§ Task to carry out
Copy, word for word, the lines below from the one containing "Shoppers must complete" up to and including the one containing "Đại úy QNCN", with pictures left out.

━━━ Data provided

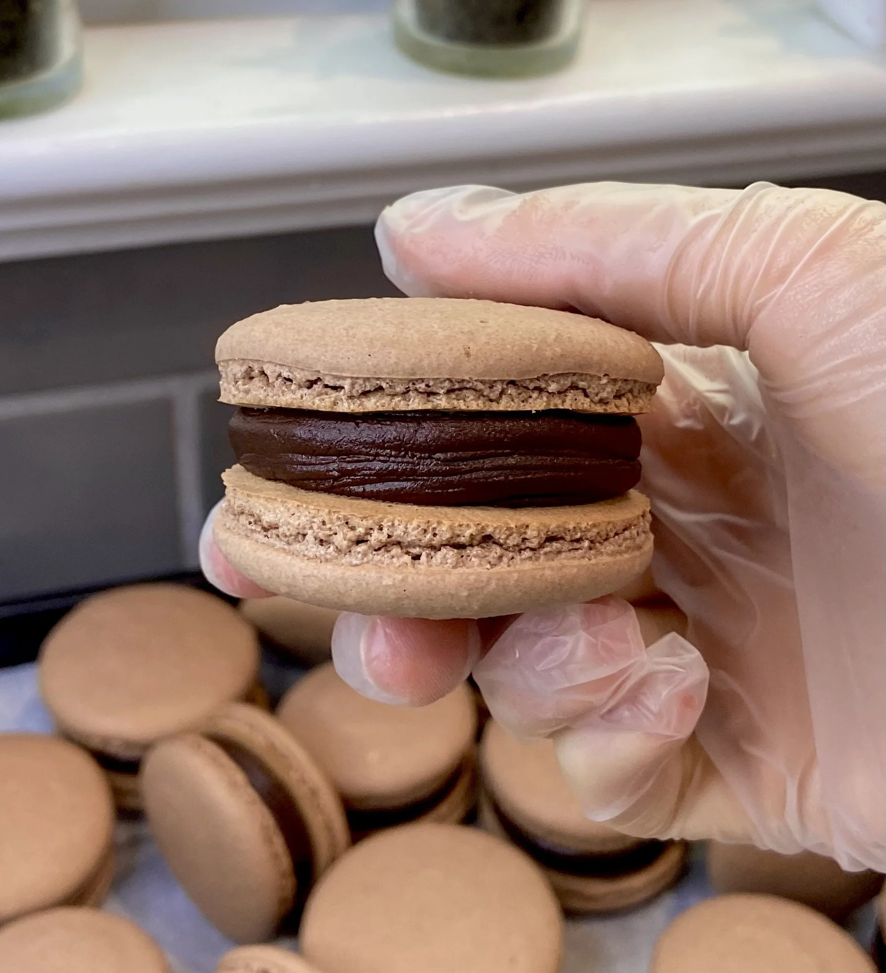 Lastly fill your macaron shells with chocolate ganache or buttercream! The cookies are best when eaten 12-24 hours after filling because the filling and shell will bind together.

━━━━━━
━━━ Data provided

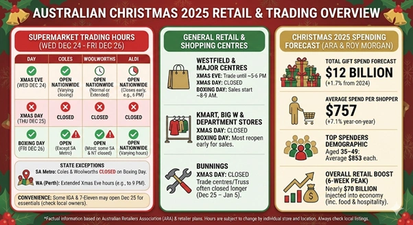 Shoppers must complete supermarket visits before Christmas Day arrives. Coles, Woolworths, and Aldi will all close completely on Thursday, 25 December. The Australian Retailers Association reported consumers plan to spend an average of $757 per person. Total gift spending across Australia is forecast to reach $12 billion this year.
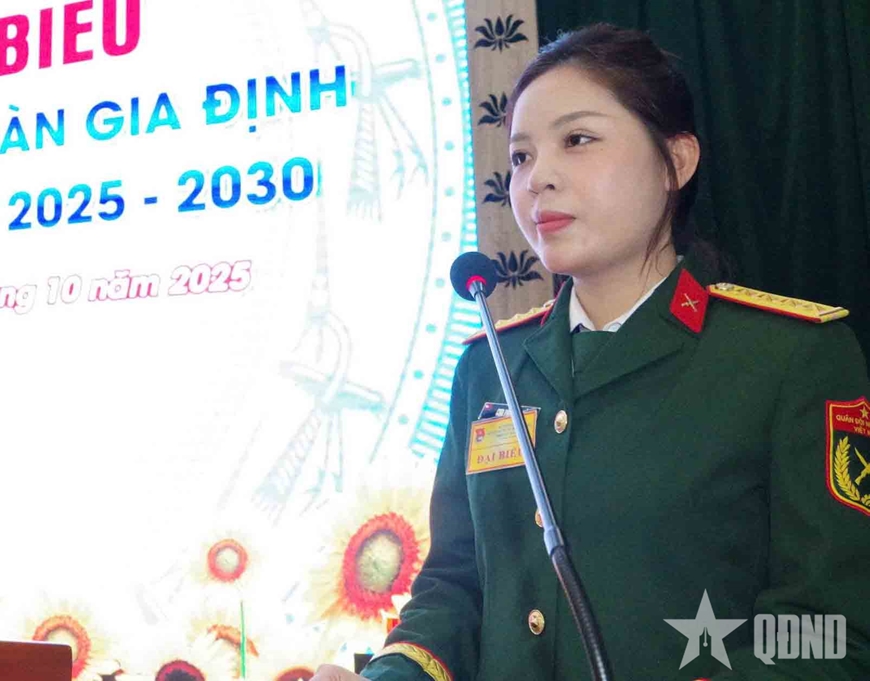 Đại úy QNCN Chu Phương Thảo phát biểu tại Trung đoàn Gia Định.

━━━━━━

§ Task output
 Shoppers must complete supermarket visits before Christmas Day arrives. Coles, Woolworths, and Aldi will all close completely on Thursday, 25 December. The Australian Retailers Association reported consumers plan to spend an average of $757 per person. Total gift spending across Australia is forecast to reach $12 billion this year.
 Đại úy QNCN Chu Phương Thảo phát biểu tại Trung đoàn Gia Định.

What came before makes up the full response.